64 bytes from 10.1.51.54: icmp_seq=1 ttl=253 time=47.7 ms
64 bytes from 10.1.51.54: icmp_seq=2 ttl=253 time=47.7 ms
64 bytes from 10.1.51.54: icmp_seq=3 ttl=253 time=47.7 ms

--- 10.1.51.54 ping statistics ---
3 packets transmitted, 3 received, 0% packet loss, time 2002ms
rtt min/avg/max/mdev = 47.739/47.772/47.799/0.180 ms

1	Source pod exists in 10.0.0.0/16 (Cluster 1)
2	Target pod exists in 10.1.0.0/16 (Cluster 2)

If you are not able to establish a connection, refer to your platform provider’s documentation.

Configuring CoreDNS

Consider the following architecture diagram:

Figure 3. CoreDNS Architecture

A local pod will connect to local DNS server, not the cluster default. That pod can be a Couchbase SDK client or another Couchbase cluster as an XDCR source. The local DNS server will capture DNS requests that are destined for the remote.svc.cluster.local. domain and forward them to a remote Kubernetes DNS server. The Couchbase cluster we wish to connect to resides in this remote Kubernetes cluster. Any DNS records in the remote cluster for the remote namespace will be visible to a local pod in the local cluster. This includes individual A records for pods and SRV records generated for stable service discovery.
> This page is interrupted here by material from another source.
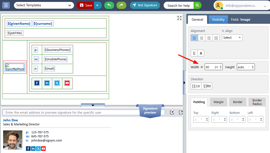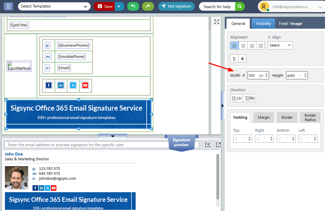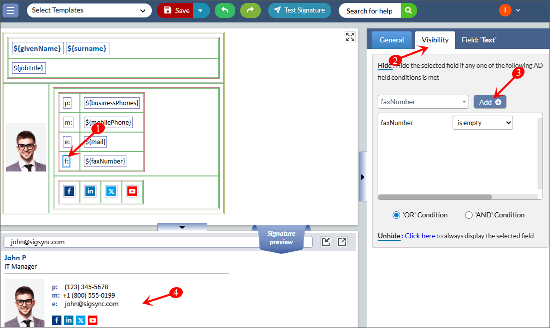 To prevent empty fields from appearing in your signature when the corresponding Active Directory value is not available, Sigsync provides the 'Visibility' property in the Signature Editor.
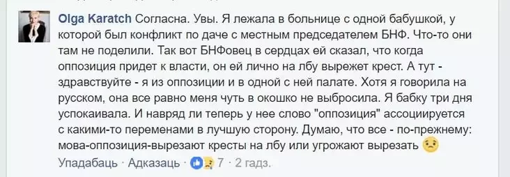 Незвычайную гісторыю распавяла віцебскі палітык Вольга Карач. У фэйсбуку яна пакінула каментар з гісторыяй пра мясцовага лідара БНФ, які гразіўся выразаць крыж на лбе суседкі.

Any other DNS records that do not fall into the remote domain will be forwarded to the local Kubernetes cluster DNS server.

The configuration will shadow the remote namespace — if one exists — in the local cluster. As a result, it is recommended that Couchbase server instances are provisioned in globally unique namespaces to prevent shadowing.

The following configuration is for demonstration purposes only and does not fully provide high-availability. Enterprise CoreDNS Deployment discusses improvements that can be made for production deployments.

Provisioning CoreDNS

CoreDNS is provisioned in the namespace into which your client is to be deployed. CoreDNS is deployed as follows:

apiVersion: v1
kind: ConfigMap
metadata:
  name: coredns
data:
  Corefile: |-
    remote.svc.cluster.local:5353 { (1)
      forward . 10.32.3.2 (2)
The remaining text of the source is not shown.